The line between science and faith was one that Michio struggled with since the day he met my mother.
But not all of Michio’s exams were inconclusive. He found venom glands in my fangs, but no venom in my body. No baby either. The pregnancy tests were negative. As it turned out, those tests weren’t needed. Salem’s fertility test confirmed that fangs and inhuman speed weren’t the only traits he shared with my fathers. He was also infertile.
When Salem heard the results, he’d said, “Good. One less thing to worry about.” But I’d recognized the disappointment in his eyes and felt it carve out a hollow place inside me.
“If he returns to Alberta…” Eddie rubbed his neatly trimmed goatee, his chocolate eyes soft and calming. “Where does that leave you, Red?”
“I don’t know.” I stared at the darkening sky. “We haven’t discussed it.”
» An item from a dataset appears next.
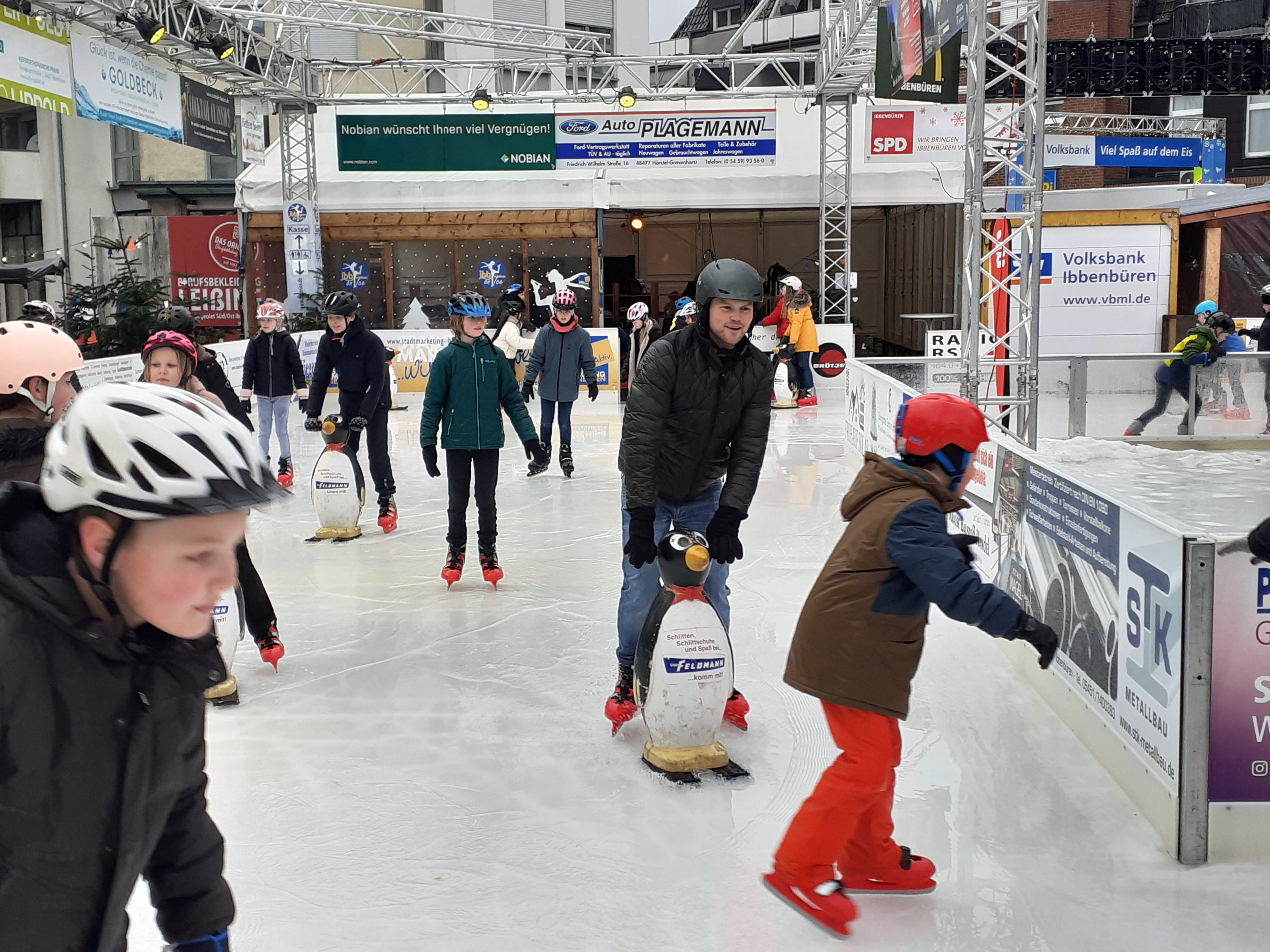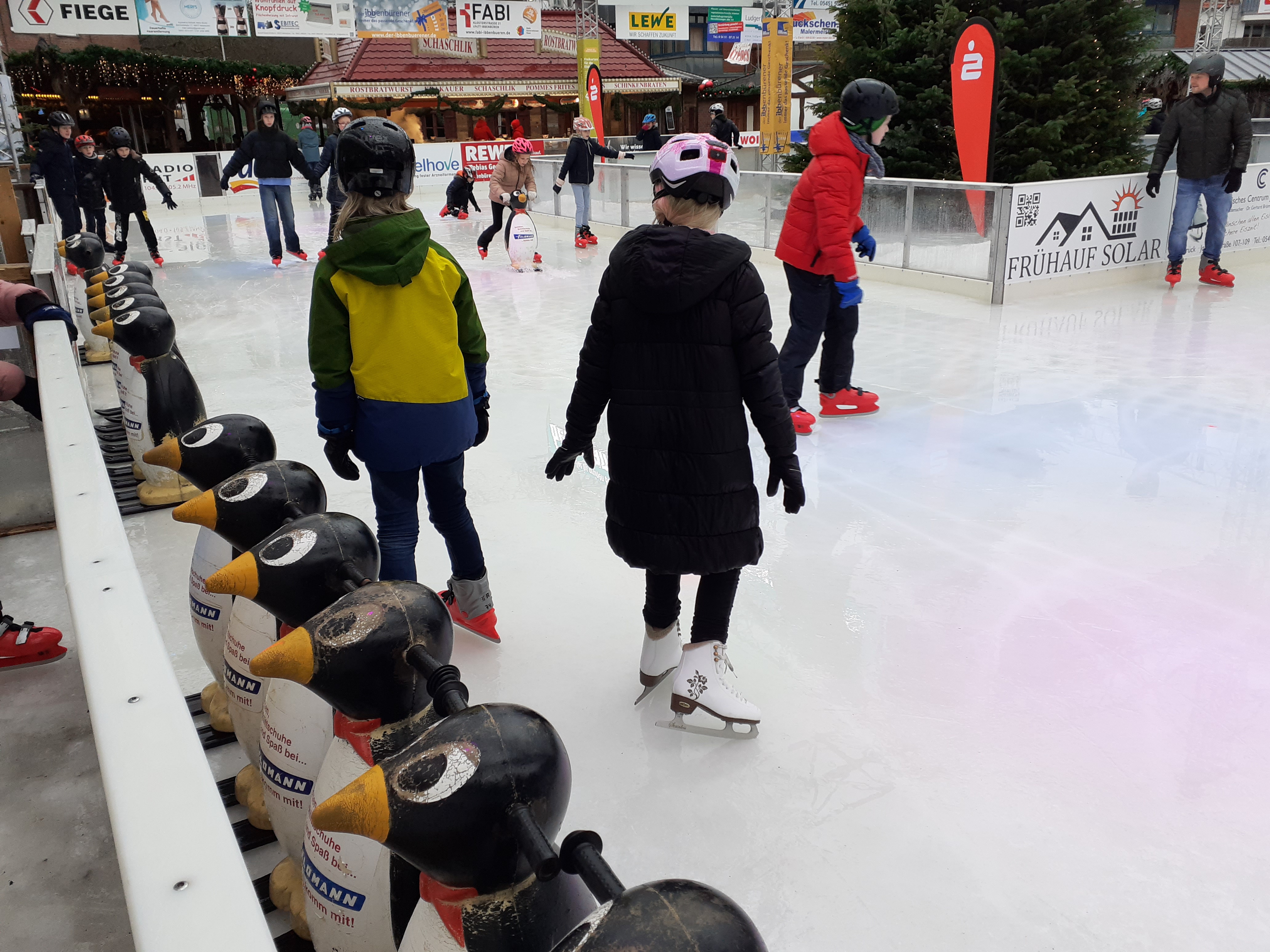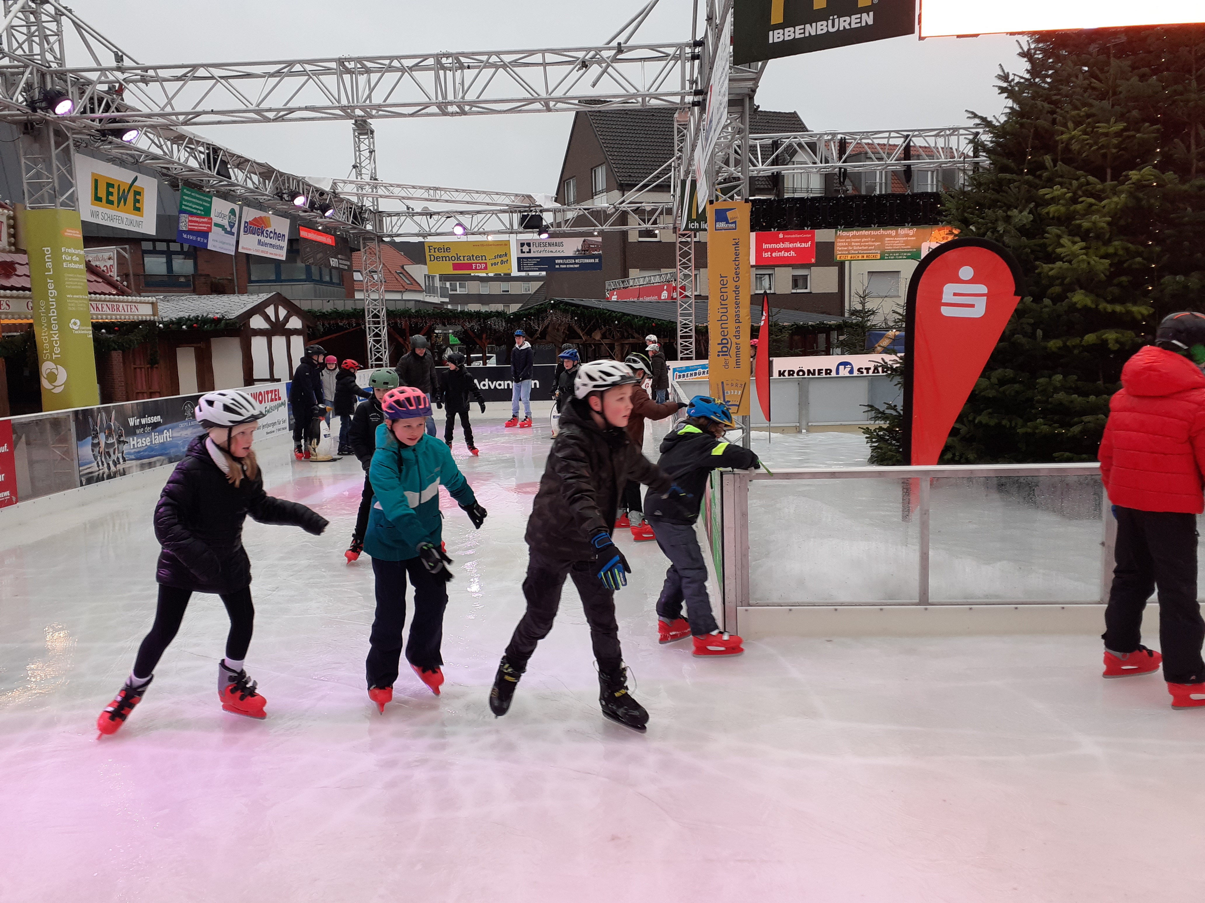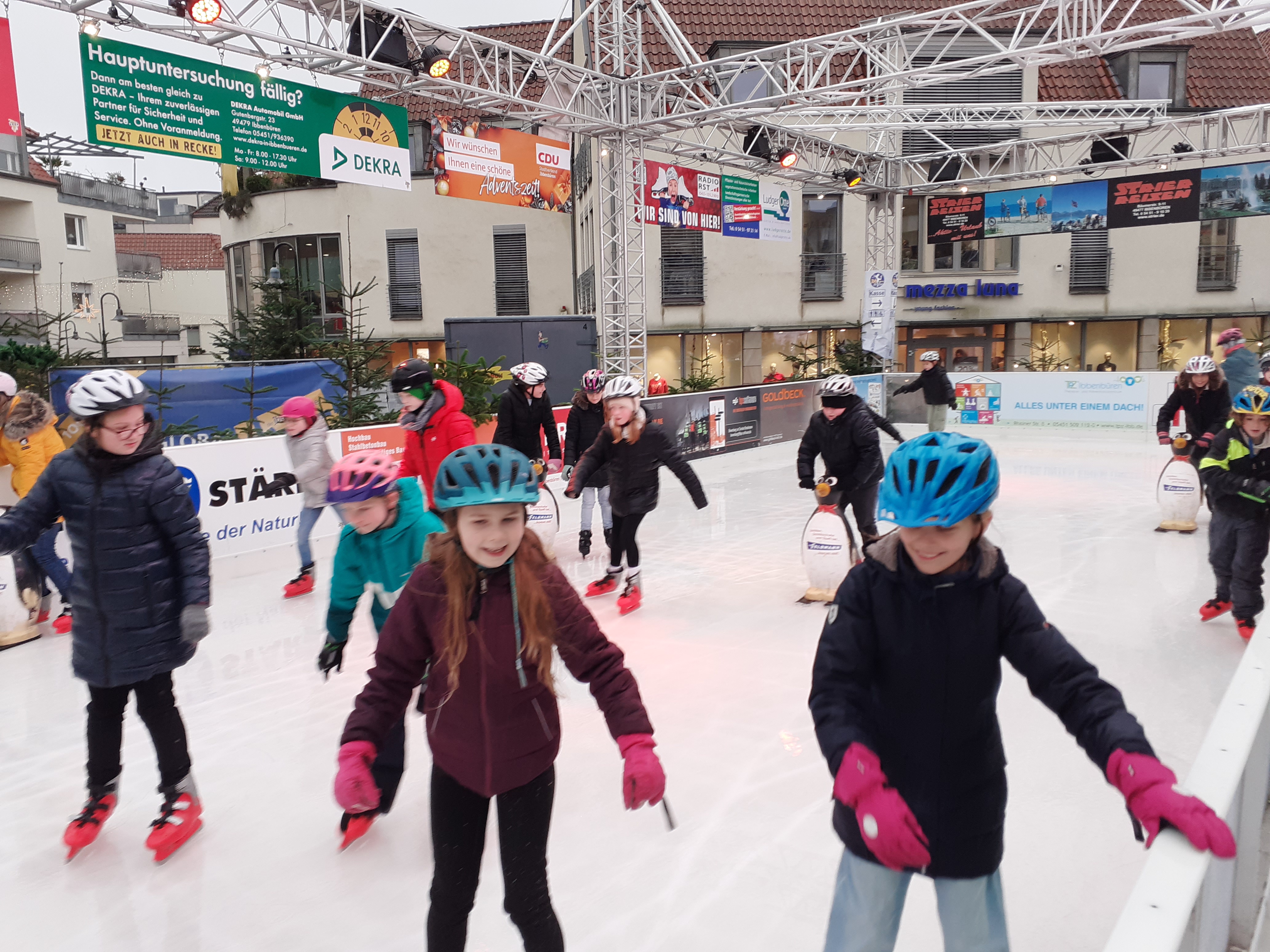 Mit dem klimafreundlichen Deutschlandticket und der Buslinie R45 ging es zunächst vom GAG aus mit dem Bus zur Haltestelle Bahnhof in Ibbenbüren. Von dort war es ein kleiner Spaziergang zum Ibbenbürener Neumarkt mit seiner Eislaufbahn und dem winterlichen Budendorf.

Salem would be awake soon. I glanced over my shoulder at the camp below. Armed with crossbows, guards patrolled the exterior walls. A quick scan confirmed every sentry was appropriately positioned. A few men smoked cigarillos. Others stole peeks at the women who strolled along the broken street that ran down the center of the camp.
“He’s going to take you from me.” Eddie hooked an arm around my back.
I relaxed against his broad chest. Eddie was leaner than Salem, but powerful and dominant in his own right. Other than my fathers, he was the only man who ever stood up to me. Until Salem.
“Don’t be a drama queen.” I rested my hand on his where he balanced the binoculars on his thigh. “We haven’t even talked about the future.”